Weinstock JS, Gopakumar J, Burugula BB, Uddin MM, Jahn N, Belk JA, et al. Aberrant activation of TCL1A promotes stem cell expansion in clonal haematopoiesis.. Nature. 2023;616(7958):755-63.

Mutations in a diverse set of driver genes increase the fitness of haematopoietic stem cells (HSCs), leading to clonal haematopoiesis1. These lesions are precursors for blood cancers2-6, but the basis of their fitness advantage remains largely unknown, partly owing to a paucity of large cohorts in which the clonal expansion rate has been assessed by longitudinal sampling. Here, to circumvent this limitation, we developed a method to infer the expansion rate from data from a single time point. We applied this method to 5,071 people with clonal haematopoiesis. A genome-wide association study revealed that a common inherited polymorphism in the TCL1A promoter was associated with a slower expansion rate in clonal haematopoiesis overall, but the effect varied by driver gene. Those carrying this protective allele exhibited markedly reduced growth rates or prevalence of clones with driver mutations in TET2, ASXL1, SF3B1 and SRSF2, but this effect was not seen in clones with driver mutations in DNMT3A. TCL1A was not expressed in normal or DNMT3A-mutated HSCs, but the introduction of mutations in TET2 or ASXL1 led to the expression of TCL1A protein and the expansion of HSCs in vitro. The protective allele restricted TCL1A expression and expansion of mutant HSCs, as did experimental knockdown of TCL1A expression. Forced expression of TCL1A promoted the expansion of human HSCs in vitro and mouse HSCs in vivo. Our results indicate that the fitness advantage of several commonly mutated driver genes in clonal haematopoiesis may be mediated by TCL1A activation.

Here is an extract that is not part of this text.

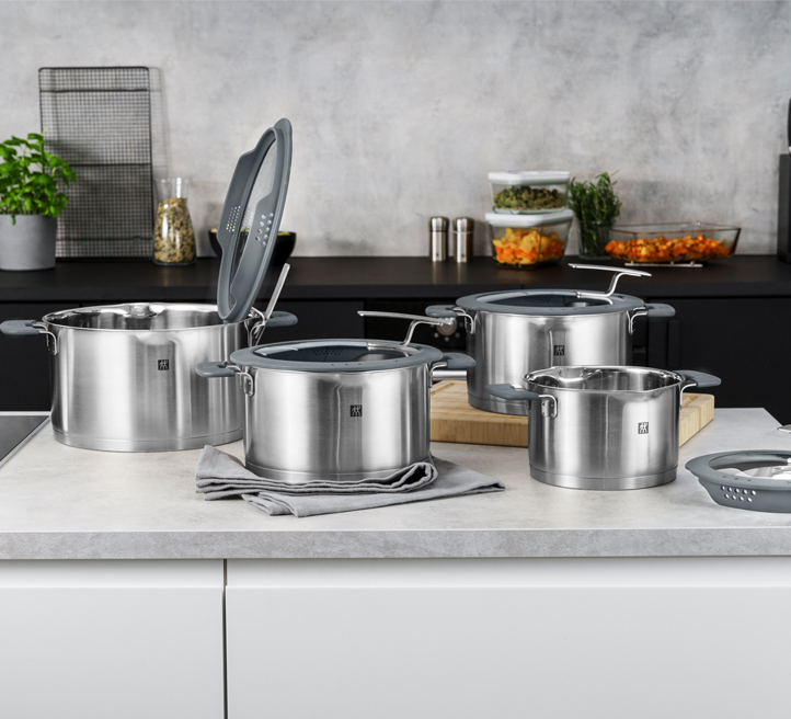 Set di pentole in acciaio inox 18/10 di alta qualità, caratterizzato dal fondo multistrato SIGMA Classic+ per una distribuzione del calore uniforme e impeccabile. Composto da tre pentole e una casseruola, questo set presenta coperchi in vetro innovativi con bordo in silicone e fori integrati di due diverse misure, ideali per scolare i liquidi facilmente senza l'uso del colapasta. Il sistema è studiato nei minimi dettagli: le "X" poste sul bordo indicano la posizione corretta del coperchio per limitare la fuoriuscita del vapore, mentre lo speciale pomolo consente di agganciarlo direttamente alla pentola per mantenere pulito il piano di lavoro. La sicurezza è garantita dalle maniglie con rivestimento soft-touch, che rimangono fredde per una presa sempre confortevole. Tutti i pezzi sono adatti all’induzione e lavabili comodamente in lavastoviglie. Set composto da: 3 pentole Ø16 cm / Ø20 cm / Ø24 cm e 1 casseruola Ø20 cm e relativi coperchi Materiale: acciaio inox 18/10 Lavaggio: lavabili in lavastoviglie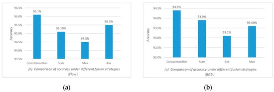 (a) Accuracy of optical flow branches under different fusion strategies. (b) Accuracy of RGB branches under different fusion strategies. We compared the accuracy rates in different fusion methods. The experimental result is the average of the results of 5-fold cross-validation tests. Concatenation works best because the concatenation method does not merge the channels and can retain the original information of the feature map.

Wong WJ, Emdin C, Bick AG, Zekavat SM, Niroula A, Pirruccello JP, et al. Clonal haematopoiesis and risk of chronic liver disease.. Nature. 2023;616(7958):747-54.

Chronic liver disease is a major public health burden worldwide1. Although different aetiologies and mechanisms of liver injury exist, progression of chronic liver disease follows a common pathway of liver inflammation, injury and fibrosis2. Here we examined the association between clonal haematopoiesis of indeterminate potential (CHIP) and chronic liver disease in 214,563 individuals from 4 independent cohorts with whole-exome sequencing data (Framingham Heart Study, Atherosclerosis Risk in Communities Study, UK Biobank and Mass General Brigham Biobank). CHIP was associated with an increased risk of prevalent and incident chronic liver disease (odds ratio = 2.01, 95% confidence interval (95% CI) [1.46, 2.79]; P < 0.001). Individuals with CHIP were more likely to demonstrate liver inflammation and fibrosis detectable by magnetic resonance imaging compared to those without CHIP (odds ratio = 1.74, 95% CI [1.16, 2.60]; P = 0.007). To assess potential causality, Mendelian randomization analyses showed that genetic predisposition to CHIP was associated with a greater risk of chronic liver disease (odds ratio = 2.37, 95% CI [1.57, 3.6]; P < 0.001). In a dietary model of non-alcoholic steatohepatitis, mice transplanted with Tet2-deficient haematopoietic cells demonstrated more severe liver inflammation and fibrosis. These effects were mediated by the NLRP3 inflammasome and increased levels of expression of downstream inflammatory cytokines in Tet2-deficient macrophages. In summary, clonal haematopoiesis is associated with an elevated risk of liver inflammation and chronic liver disease progression through an aberrant inflammatory response.